DATA IN THIS EXERCISE Start Marker
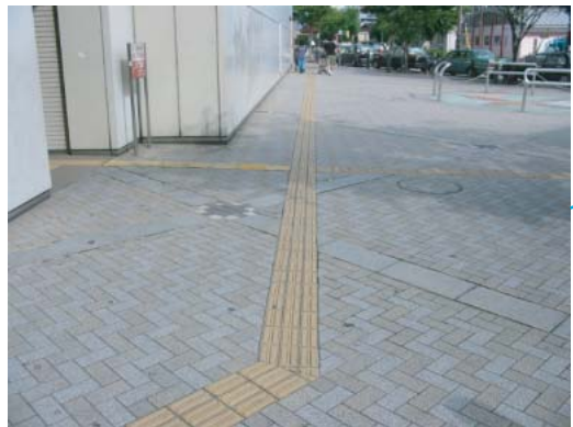
(誘導ブロックと舗装面)
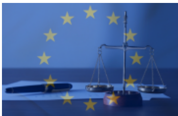
Tableau de bord de la justice

Le 4 juin, la Commission européenne a publié la 14ème édition du tableau de bord de la justice dans l'Union européenne. L'édition 2026 fait état d'une perception améliorée de l'indépendance judiciaire et de progrès continus dans la numérisation des systèmes de justice dans les 27 Etats membres. Pour la première fois, le rapport présente un panorama des compétences des plus hautes juridictions administratives et des juridictions ordinaires des Etats membres en matière commerciale. Les conclusions du tableau de bord serviront à alimenter le rapport 2026 de la Commission sur l'état de droit et le semestre européen. Lire la suite - Autre lien
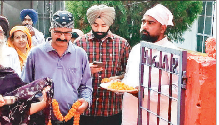
प्रकाश पर्व को लेकर शहर में निकली प्रभातफेरी।

नानक देव जी ने समाज को सच्चाई, एकता और भाईचारे का संदेश दिया। उनके उपदेश आज भी मानवता को सही दिशा प्रदान करते हैं। हमें उनके आदर्शों को जीवन में अपनाकर समाज में प्रेम, शांति और सद्भावना का वातावरण बनाना चाहिए। उन्होंने कहा कि ऐसे धार्मिक आयोजन समाज में सकारात्मक ऊर्जा और आपसी
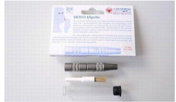
385R ステン 鼻毛バリカン (掃除ブラシ付・台紙付) 終了
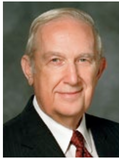
Ni Elder Richard G. Scott

Sa Korum sa Napulog Duha ka mga Apostoles
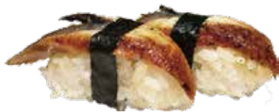
68: Nigiri anguila (2u)
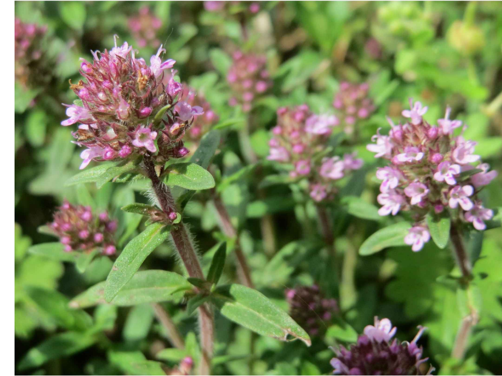
Thymus serpyllum 15 esemplari
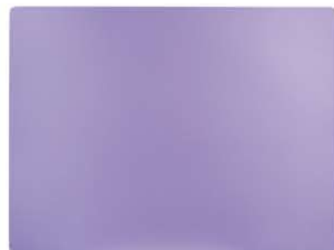
TOVAGLIETTA 21x32* placemat 21x32 TOVAGLIETTA 23x38* placemat 23x38 TOVAGLIETTA 32x34* placemat 32x34 TOVAGLIETTA 33x44* placemat 33x44 TOVAGLIETTA 31x41* placemat 31x41 TOVAGLIETTA 30x45* placemat 30x45 TOVAGLIETTA 34x34* placemat 34x34 TOVAGLIETTA 35x50* placemat 35x50

* non per le linee ECO e VINTAGE not for ECO and VINTAGE range
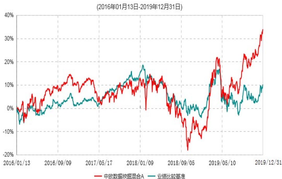
中欧数据挖掘混合A累计净值增长率与业绩比较基准收益率历史走势对比图

注：2019 年 4 月 26 日组合业绩比较基准变更为中证 500 指数收益率*95%+中债综合指数收益率*5%。
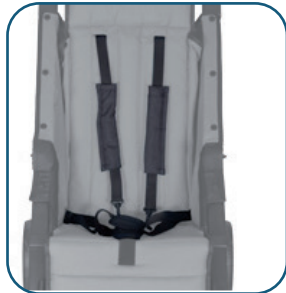
Ceinture 5 points
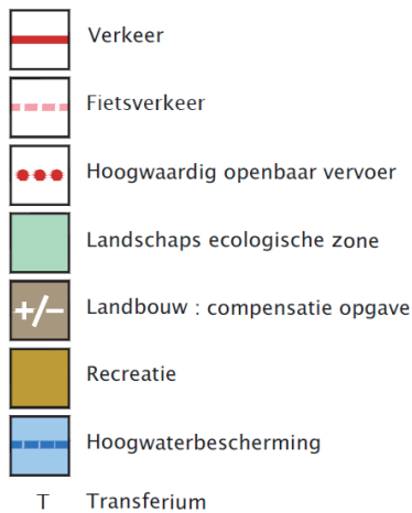
Figuur 1: Overzichtskaart ruimtelijke maatregelen GOL West

De GOL Oost kent de volgende concrete maatregelen:
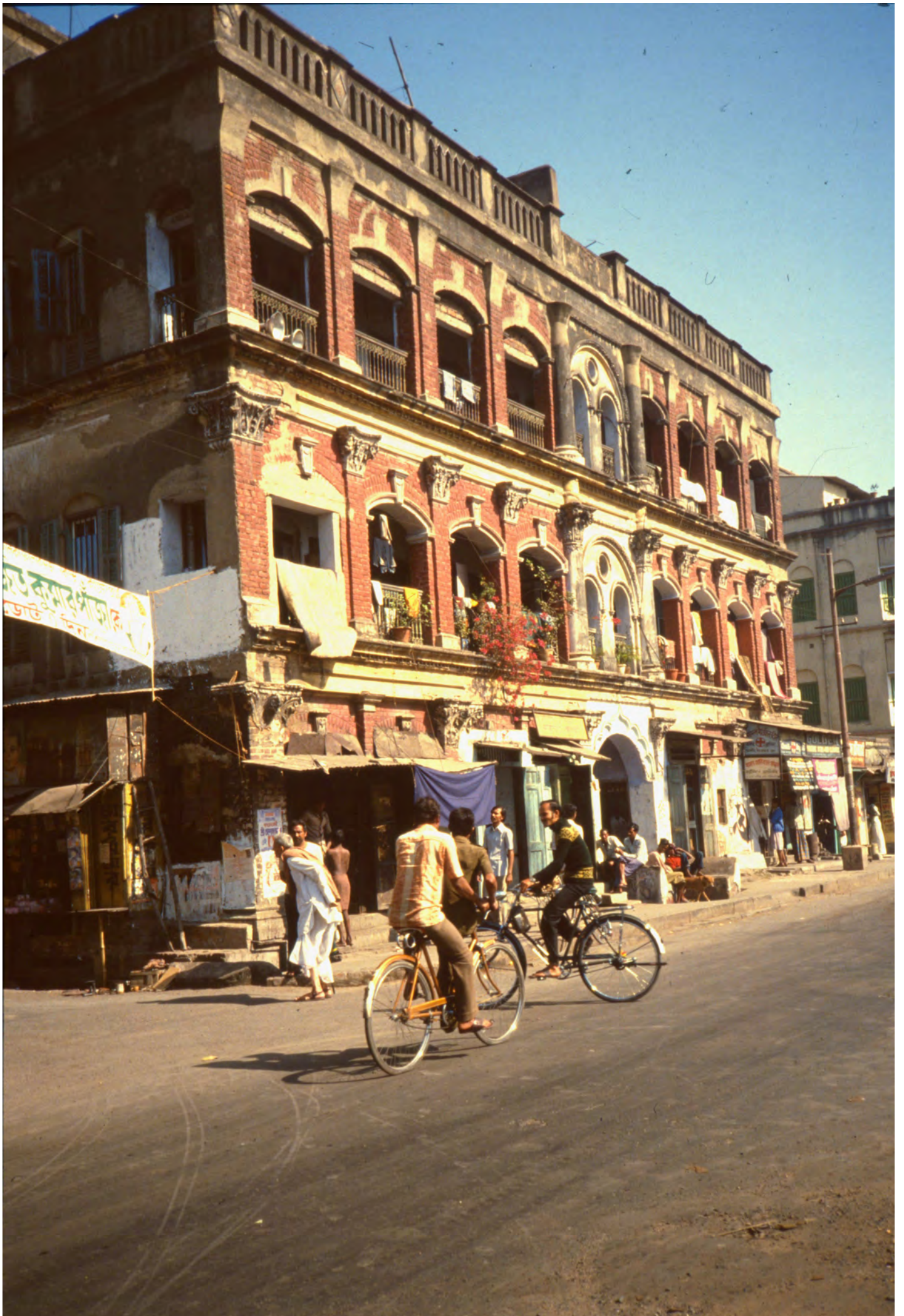
Paikpara, former house of Munshi family
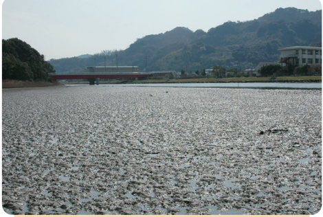
⑤ 西海川の河口干潟

シオクグ、シバナ、ウラギクなどの塩生植物やハマボウが多く見られ、蓼貝のヒメカノコやヒロクチカノコガイは県内でも有数の生息地となっている。また、クシテガニなどの希少なカニ類も生息する。一方で大村湾の干潟の保全やヨシ原の保護が必要である。
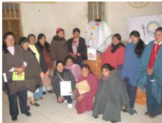
Taller de diversificación. La ruana como identidad. Cumbal, Mayo de 2012. Sonia Calvache – Artesanías de Colombia S.A Resultado final taller.
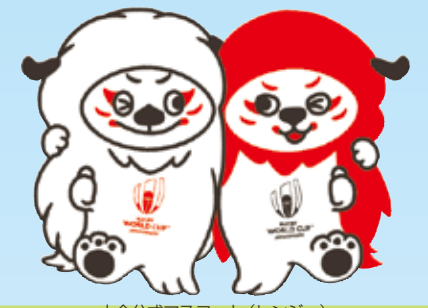
大会公式マスコット(レンジー)
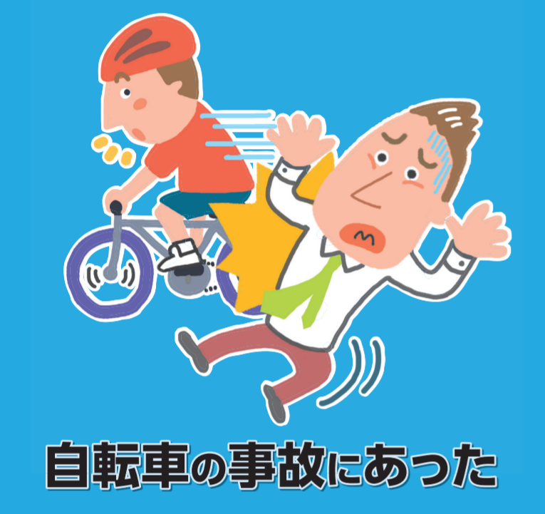
自転車の事故にあった
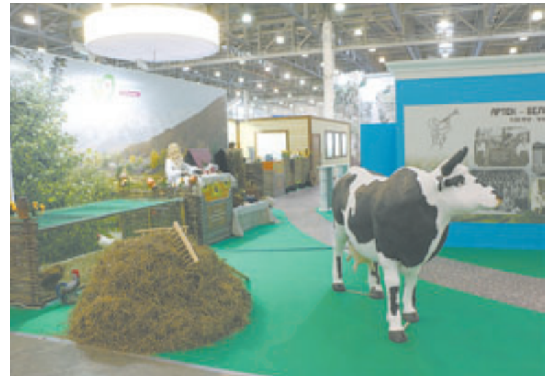
Для посетителей стенда создали атмосферу алтайского села.
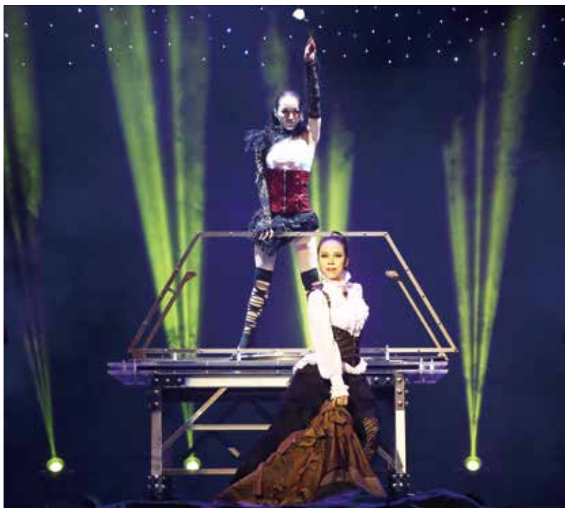
魔术《美女几何》获第九届中国杂技金菊奖第六次全国魔术比赛“金菊奖”

持总团工作的各位领导、各界朋友表示热烈欢迎！向为杭州杂技总团发展和壮大做出巨大贡献的各位老艺术家表示崇高的敬意！向为杭州杂技总团持续发展倾注智慧和力量的全体演职人员表示衷心的感谢！
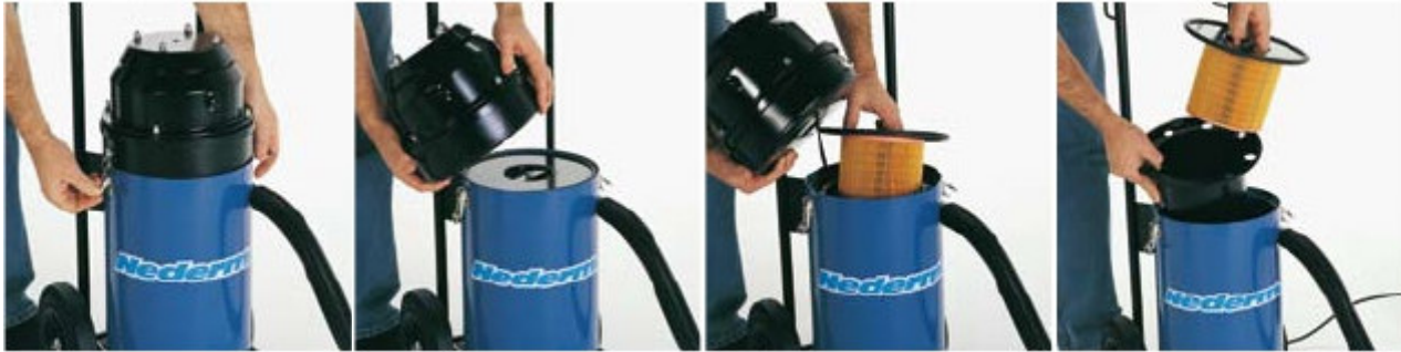
Rask og enkel tilgang for service av motor, partikkel filter og utskilleren
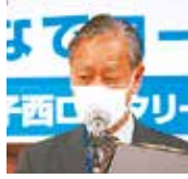
出席報告 松島出席委員
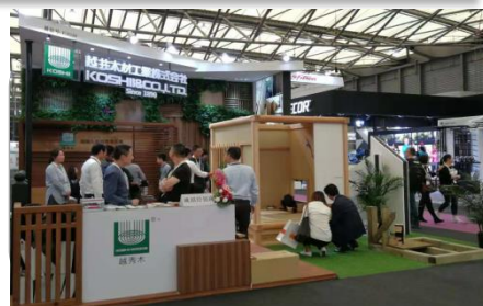
中国展示会に出展時の風景
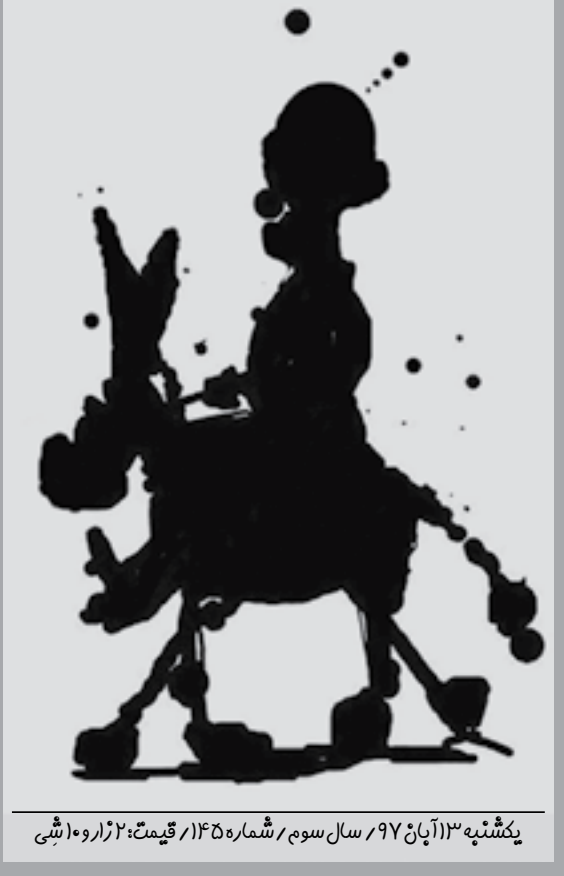
یکشنبه ۳۱ آبان ۹۷ / سال سوم / شماره ۱۴۵ / قیمت: ۲۰ هزاره اوشی

می ززم هی حرف حق را، هر چه بادا، هر چه باد
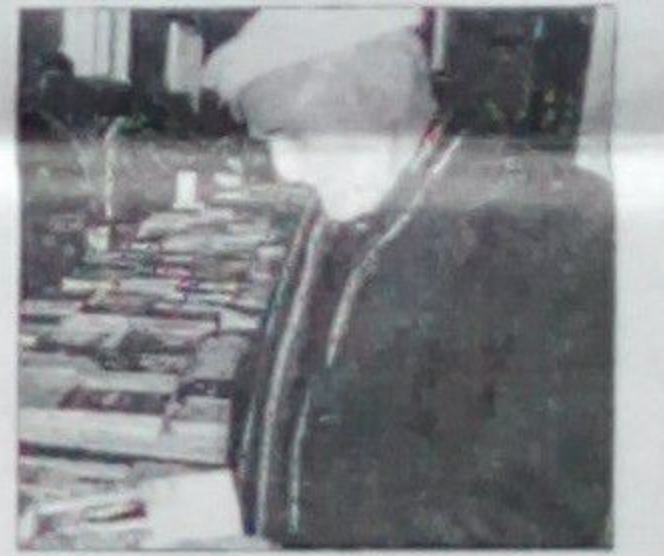
سمع الله تاره

در اين نمايشگاه تعداد زيادى از ناشران خصوصى غرقه ها را ايجاد نموده و كتابهاي را كه چاپ كرده اند در معرض نمايش گذاشته اند تا مردم از اين كتابها
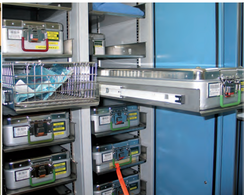
▲ Lagerschrank für Ste-Container in der Sterilgutversorgung
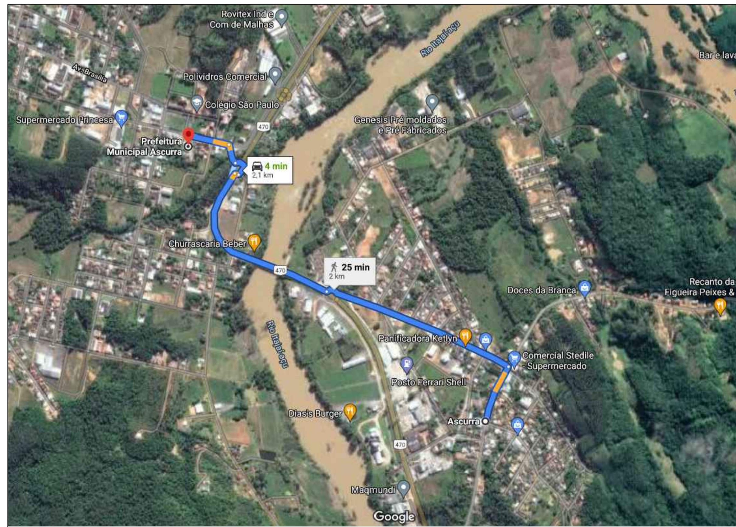
PLANTA DE LOCALIZAÇÃO ESCALA: SEM ESCALA
DATA IN THIS EXERCISE End Marker
◆ EXERCISE BRIEF ◆
Pick each line holding the word "maatregelen" out of the data and copy it.

◆ TASK OUTPUT ◆
Figuur 1: Overzichtskaart ruimtelijke maatregelen GOL West
De GOL Oost kent de volgende concrete maatregelen:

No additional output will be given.